Let $f(z)=1+\sum\limits_{n=1}^{+\infty}a_{n}z^{n}$ be a analytic function with positive real part on the unit disc $D=\{z:|z|<1\}$, please show that $|a_{1}^{2}-a_{2}|\leqslant2$ and $|a_{1}^{3}-2a_{1}a_{2}+a_{3}|\leqslant2$.

An equivalent form is that: For any analyitic function $g(z)=\sum\limits_{n=0}^{+\infty}b_{n}z^{n}$ mapping the unit disc into itself, it holds that $|b_{0}^{2}+b_{1}|\leqslant1$ and $|b_{0}^{3}-2b_{0}b_{1}+b_{2}|\leqslant1$.

I've got a solution, but I believe that there is a more enlightening one explaining why we pay attention to the polynomial $b_{0}^{3}-2b_{0}b_{1}+b_{2}$. (Notice that the equality holds in so many cases!)

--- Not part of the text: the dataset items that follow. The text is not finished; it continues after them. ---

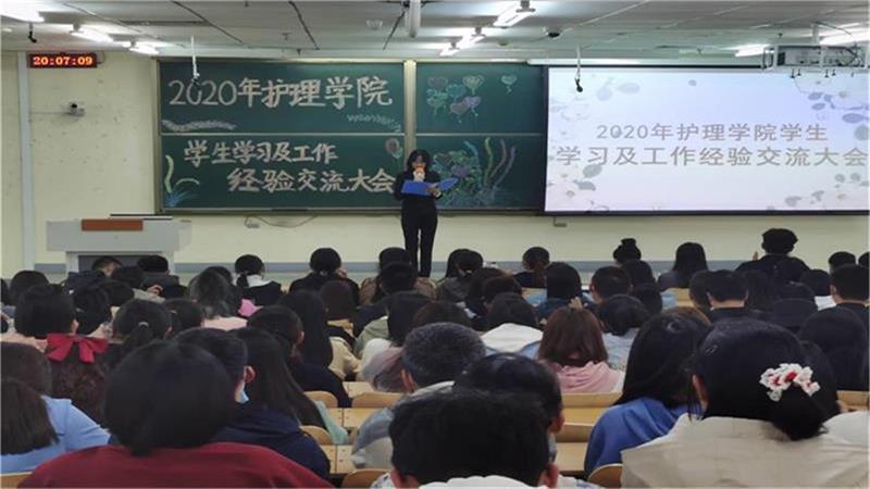 10月22日晚,护理学院在教学楼411教室举办了2020年学生学习及工作经验交流大会。辅导员田由甲、张莉莉、李雪和2020级全体新生参加此次大会。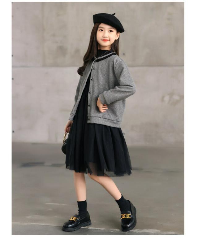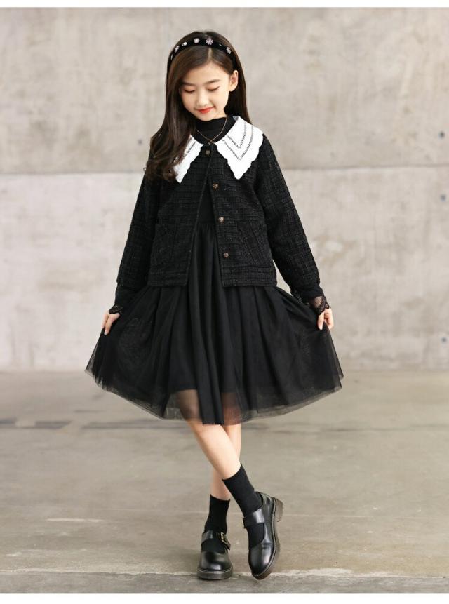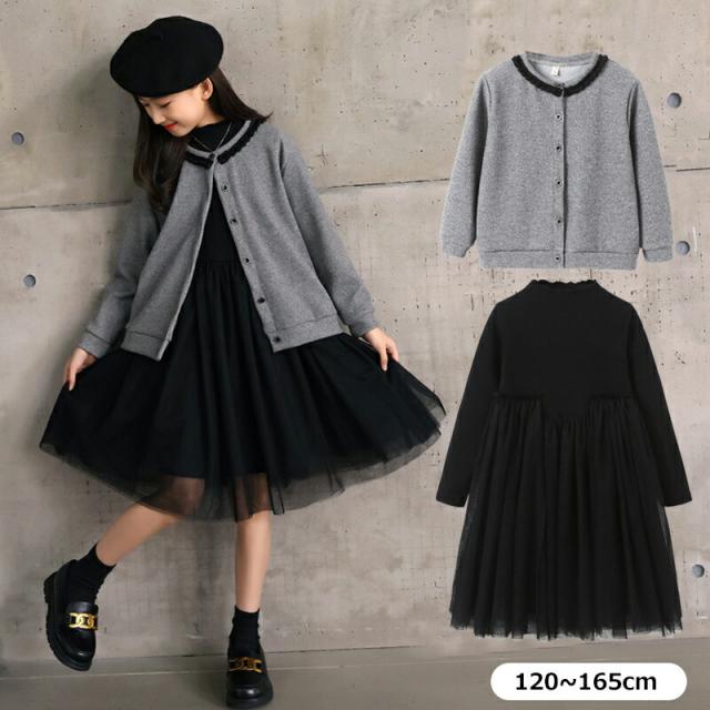 入学式 女の子 小学校 2点セット 礼服 セットアップ 長袖 カーディガン ワンピース プルオーバー キッズ フォーマル 子供 ブラック グレー卒園式 卒業式 七五三 撮影 発 結婚式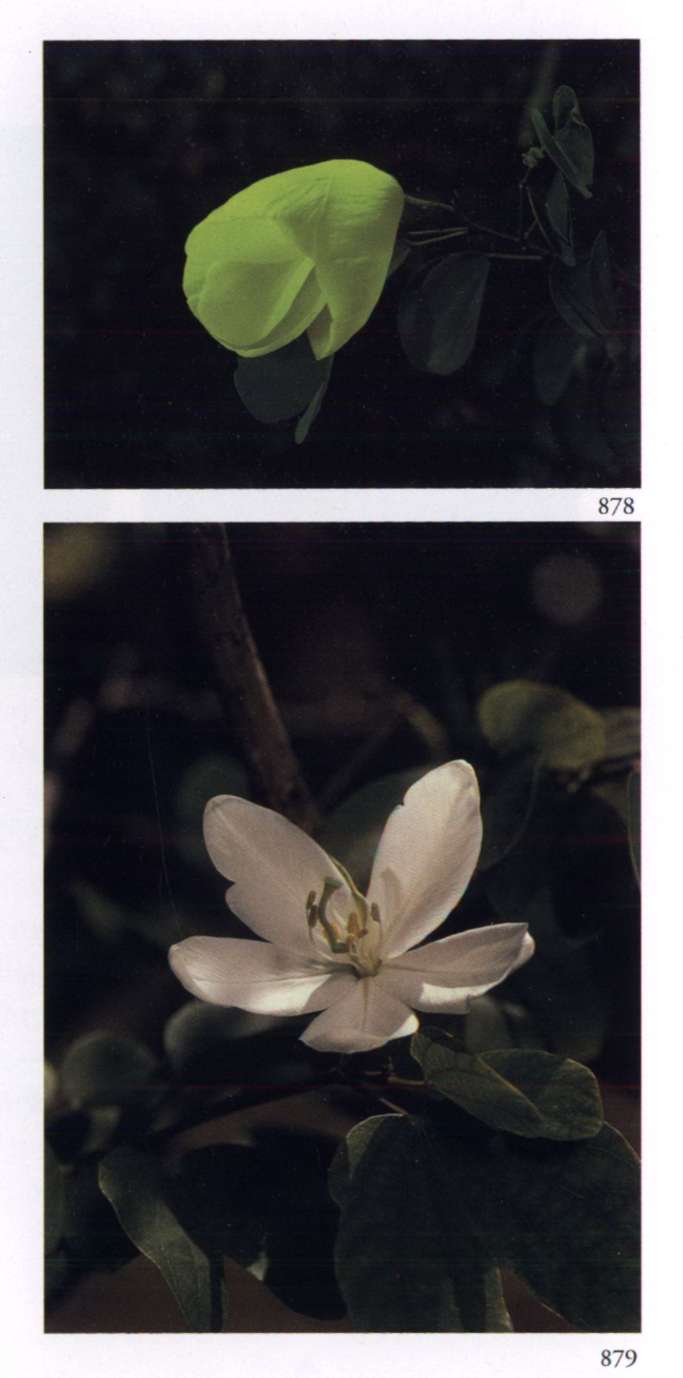 879 Purified gold It is purified by being placed at the service of the Divine. Bauhinia acuminata L. Leguminosae (subfamily Caesalpinioideae) Dwarf white bauhinia Medium-sized pure white saucer-shaped flower with five broad petals and conspicuous golden anthers; borne in very short racemes. A medium to large shrub with the camel's-foot leaves typical of the genus.

EDIT(My solution): We work with the equivalent form, and firstly note that WLOG we can suppose $b_{0}$ to be real and nonnegative. When $g$ is noncostant, $h(z)=\frac{g(z)-b_{0}}{1-\bar b_{0}g(z)}$ satisfy $h(0)=0$ and $|h(z)|\leqslant1$, and then the Schwarz lemma gives that $|h'(0)|=\frac{|b_{1}|}{1-|b_{0}|^{2}}\leqslant1$, thus $|b_{0}|^{2}+|b_{1}|\leqslant1$ (which also holds for $g(z)=b_{0}$). By Schwarz lemma, $h(z)/z=\sum\limits_{n=0}^{+\infty}c_{n}z^{n}$ satisfied the same condition with $g$, so doing the same for it gives $|c_{0}|^{2}+|c_{1}|\leqslant1$. Finally combining the identity $b_{0}^{3}-2b_{0}b_{1}+b_{2}=b_{0}^{3}+2(b_{0}^{3}-b_{0})c_{0}+(b_{0}^{3}-b_{0})c_{0}^{2}+(1-b_{0}^{2})c_{1}$ and the inquality $|b_{0}^{3}+2(b_{0}^{3}-b_{0})z+(b_{0}^{3}-b_{0})z^{2}|\leqslant |z|^{2}(1-b_{0}^{2})+b_{0}^{2}$ (for $0\leqslant b_{0}\leqslant1$) gives the second inequality.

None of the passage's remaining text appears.